Research & Data

Do Music Sites Block AI Crawlers? Sealed robots.txt Data

Jun 14, 2026

Music platforms carry two of the most legally sensitive classes of content on the web: lyrics and user-generated audio metadata. Both are the subject of active licensing disputes, and both are prime targets for AI training pipelines that want to understand cultural output at scale. Given that context, the fact that 6 of 9 Music sites block at least one AI crawler — a block rate of 66.7% — is not surprising. What is worth examining is the one site with no robots.txt at all, and the three that allow every crawler despite the prevailing industry caution.
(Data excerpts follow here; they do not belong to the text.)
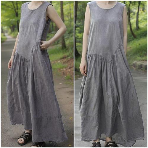 【米蘭精品】現貨+預購 新中式長洋裝棉麻上衣亞麻長裙A字裙連身裙子大碼休閒女裝-無袖精梳棉竹節紋74md8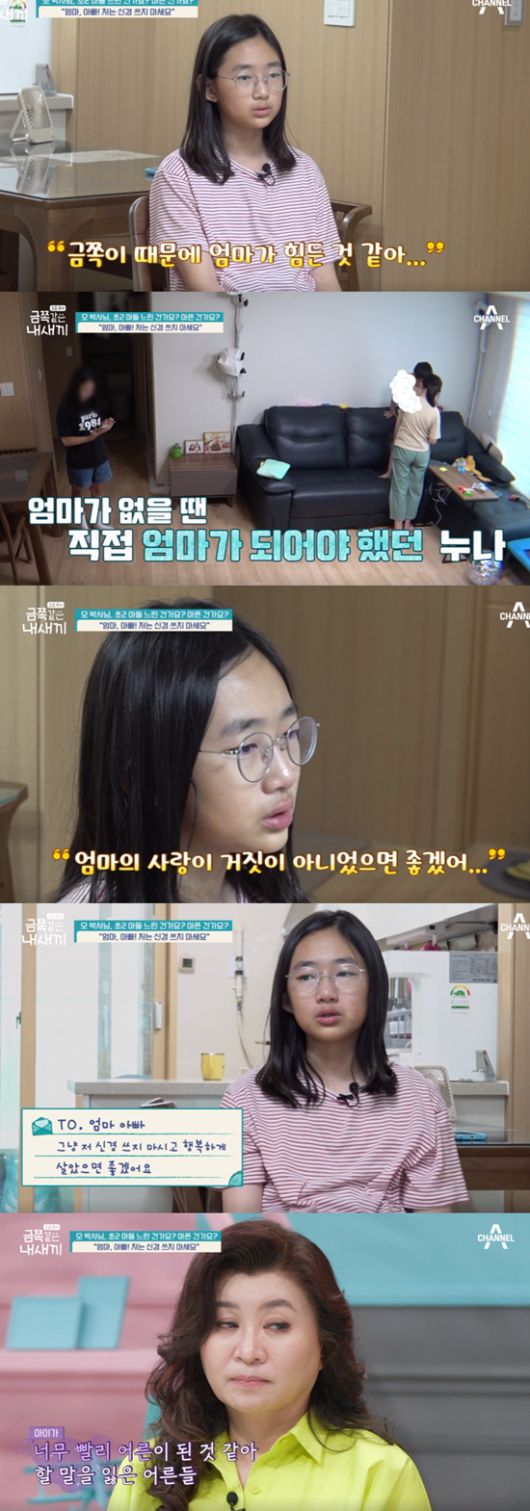 끝으로 누나는 "엄마, 아빠가 날 신경 쓰지 않고 행복하게 살았으면 좋겠다. 죄송하다"고 고백, 아이의 속내에 부모는 일제히 눈시울을 붉혔다. 동생에게는 "가끔식 너한테 화낼 때가 있지만 누나가 많이 사랑한다. 그리고 미안해"라고 했다.
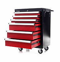 The cabinet features three smaller drawers for small tools and three spacious lower drawers for larger workshop tools .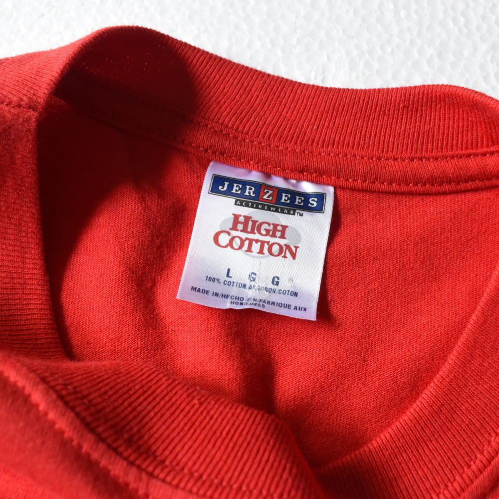 note...2000年代初頭、テキサス・ヒューストンで活動したパワーヴァイオレンス・バンド Machine Gun Romantics に関連すると推定されるTシャツ。赤ボディに黒プリントで、機関銃を構える人物とバンド名を大胆にレイアウト。ボディは「JERZEES High Cotton」タグで、デザインから1999〜2003年頃の製造と推定され、活動時期とも重なる点が特徴です。公式グッズかファンメイドかの断定は難しいものの、流通量が極めて少なく、現存数も限られるため高いコレクション価値を持つ一枚。パワーヴァイオレンス/ハードコアの熱気を感じさせる、当店が推すロックTカルチャーを象徴する逸品です。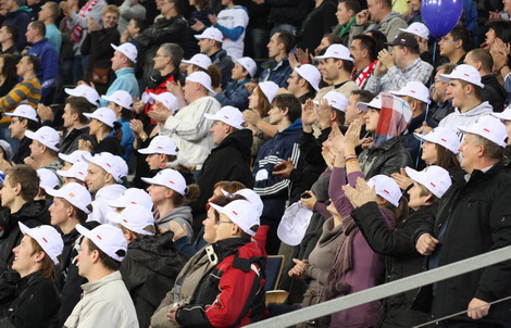 W charakterystycznych białych czapeczkach, ufundowanych przez firmę Błażusiaka, podziwiali fenomenalną jazdę krajana. Dotychczas mogli go oglądać tylko za pośrednictwem szklanego ekranu.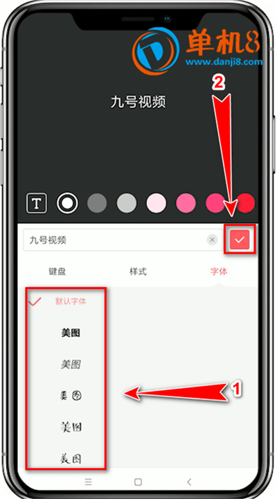 5、输入文字后,还可以在下方设置字体等样式,设置完成后,点击文字输入框右边的勾;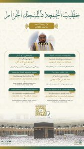 وسيتولى فضيلة الشيخ الأستاذ الدكتور عبدالله بن عواد الجهني إمامة المصلين وإلقاء خطبة الجمعة في المسجد الحرام.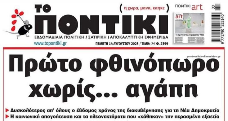 Το Ποντίκι σήμερα Πέμπτη 14/8/2025 6 μήνες ago Media ΕΦΗΜΕΡΙΔΑ ΤΟ ΠΟΝΤΙΚΙ ΠΡΩΤΟΣΕΛΙΔΟ ΤΟ ΠΟΝΤΙΚΙ ΤΟ ΠΟΝΤΙΚΙ Διαβάστε το πρωτοσέλιδο της εφημερίδας «Το Ποντίκι» σήμερα 14/8/2025.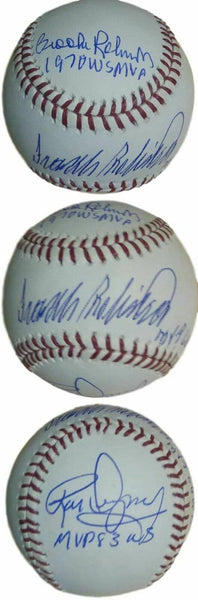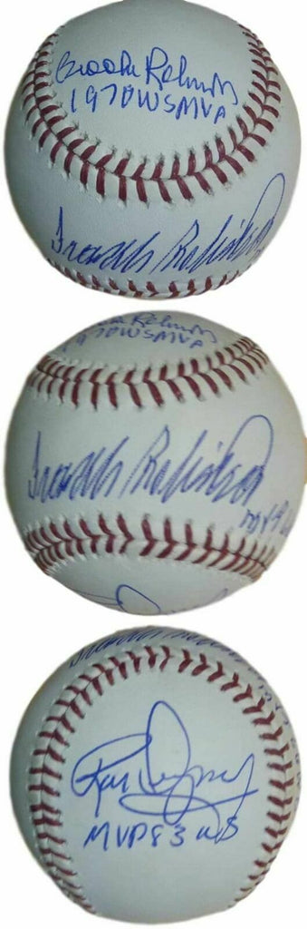 Baltimore Orioles MVPs Autographed OML Baseball Dempsey Frank & Brooks JSA 12658 This is an official Major Leaguebaseball that was personally signed by the three Baltimore Orioles World Series MVP's FrankRobinson, Brooks Robinson, and Rick Dempsey. Each player included an inscription with WS MVP and the year. This ball includes a certificate of authenticity from James Spence Authentication (JSA) and Denver Autographs.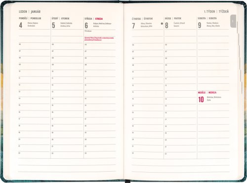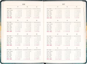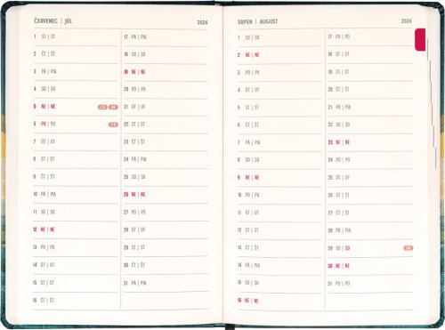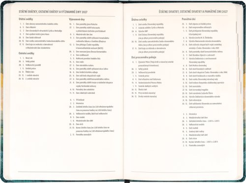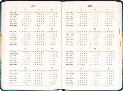Osmnáctiměsíční diář obsahuje přehled na rok 2026 a 2027, seznam českých a slovenských jmen a česko-slovenské týdenní sloupcové kalendárium se jmény a svátky. Kalendárium začíná v červenci 2026 a končí v prosinci 2027.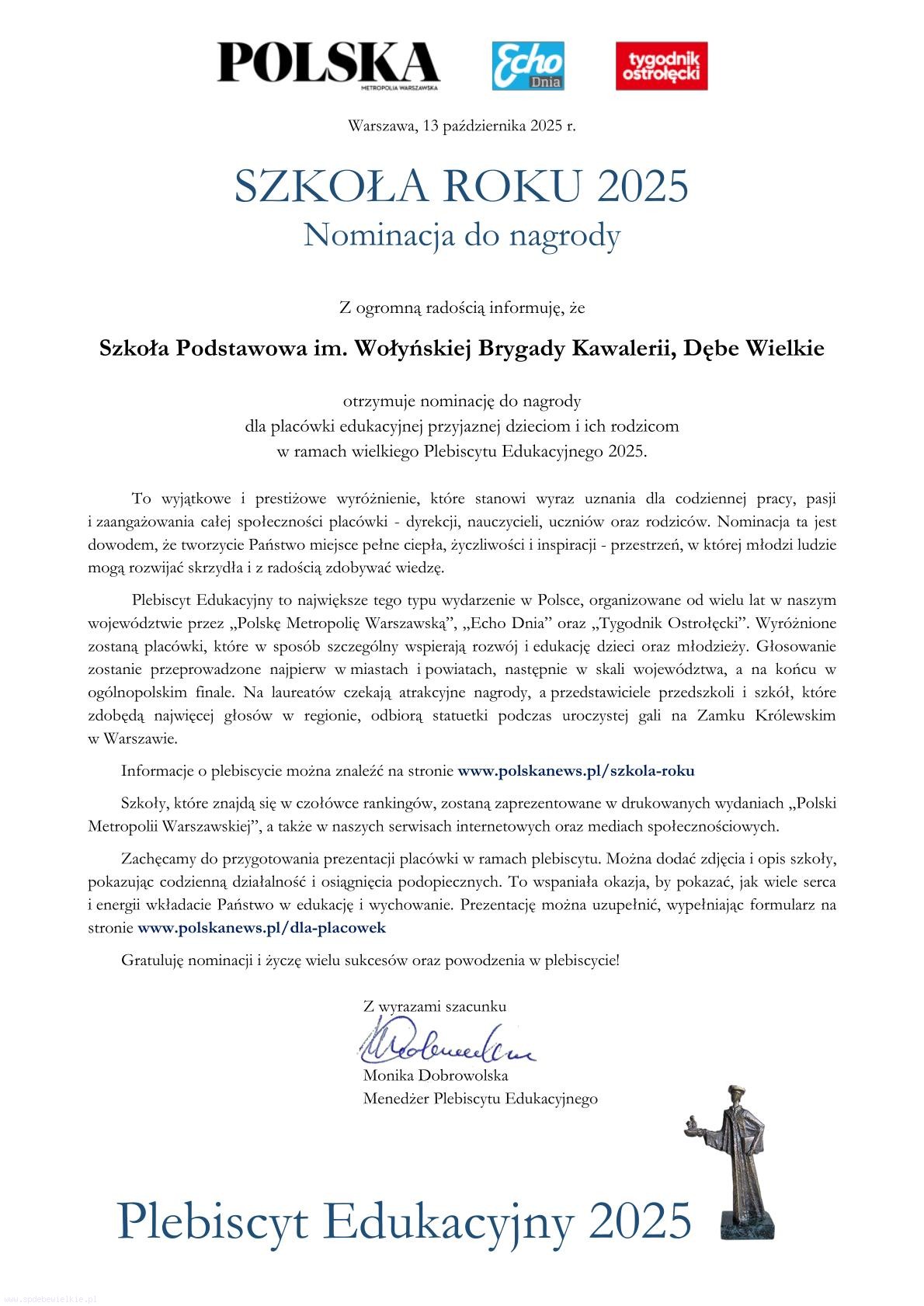 Administratorem danych osobowych w Szkole Podstawowej im. Wołyńskiej Brygady Kawalerii w Dębem Wielkim jest Dyrektor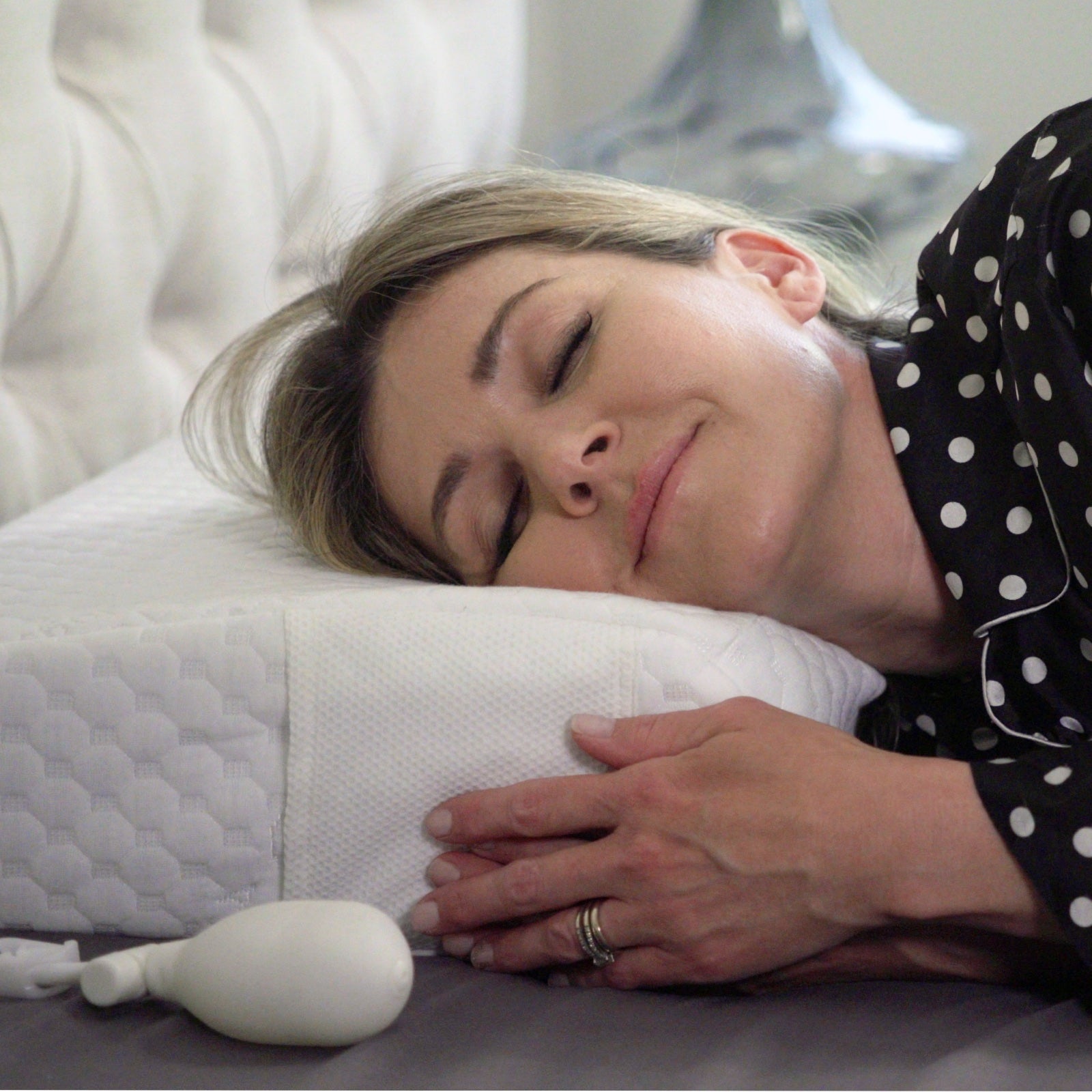 有了 DR-HO'S 可調式枕頭,您無需每晚費心調整靠墊。只需找到舒適的設置,按下氣鎖夾,即可將靠墊保持在您想要的高度。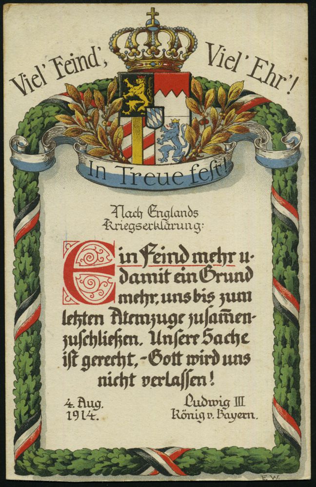 | 369 | 14 € | I. WELTKRIEG 1914 - 18 : MÜNCHEN/ *2* 1914 (12.10.) Band-MaSt. (Typ Sylbe) auf bayer. Color-Litho-Propaganda-Ak.: Viel Feind Viel Ehr!.. Zitat Ludwig III.vom 4. Aug. 1914 (Krone, Wappen Lorbeer, Eichenlaub etc.) sign. E. W. (Verlag G. Leyder, Pasing) klar gest. Feldpost-Kt. | | |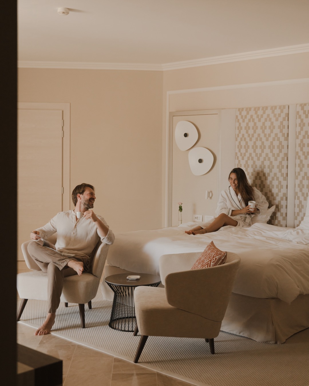 Con sus espacios amplios y luminosos, la Prestige Suite Bay Side ofrece una estancia caracterizada por un confort exclusivo y un auténtico ambiente mediterráneo.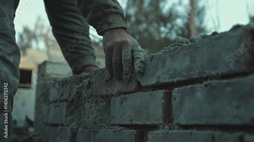 Mason laying bricks on a wall at a construction site. Featuring masonry skills
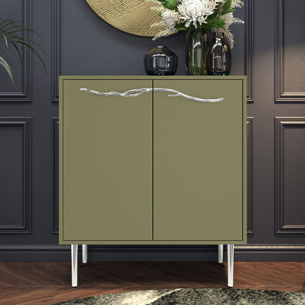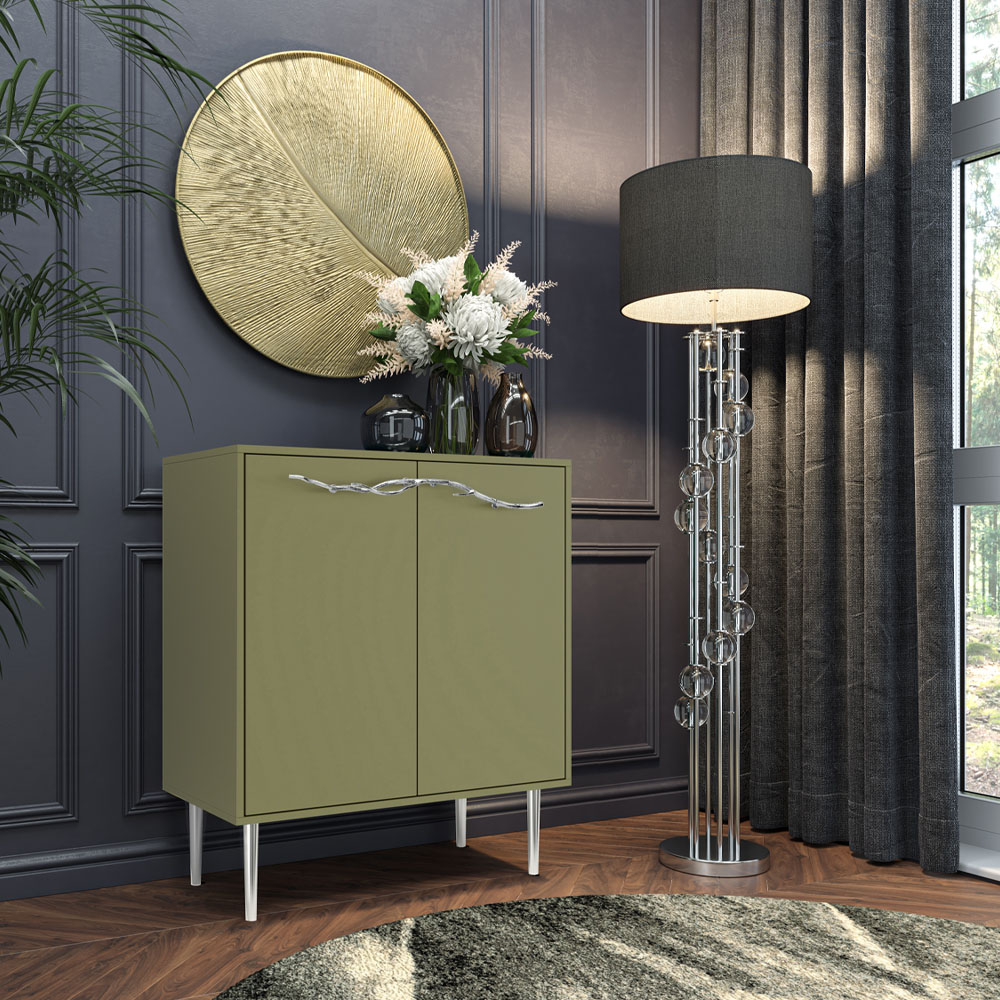 Комод Арт Колор matte Стайл Сильвер с 2 полками Зеленая олива матовый

A robots.txt file is a plain-text file at a website root that communicates crawl permissions to automated bots under an honor-system protocol. This report presents verbatim counts from a sealed snapshot of public robots.txt files collected on June 14, 2026, across 260 sites and 24 categories. The snapshot is content-addressed with sha 834f1e2f07af24fd. To be explicit, nothing is estimated, modeled, or extrapolated — every count is a direct read from that sealed file.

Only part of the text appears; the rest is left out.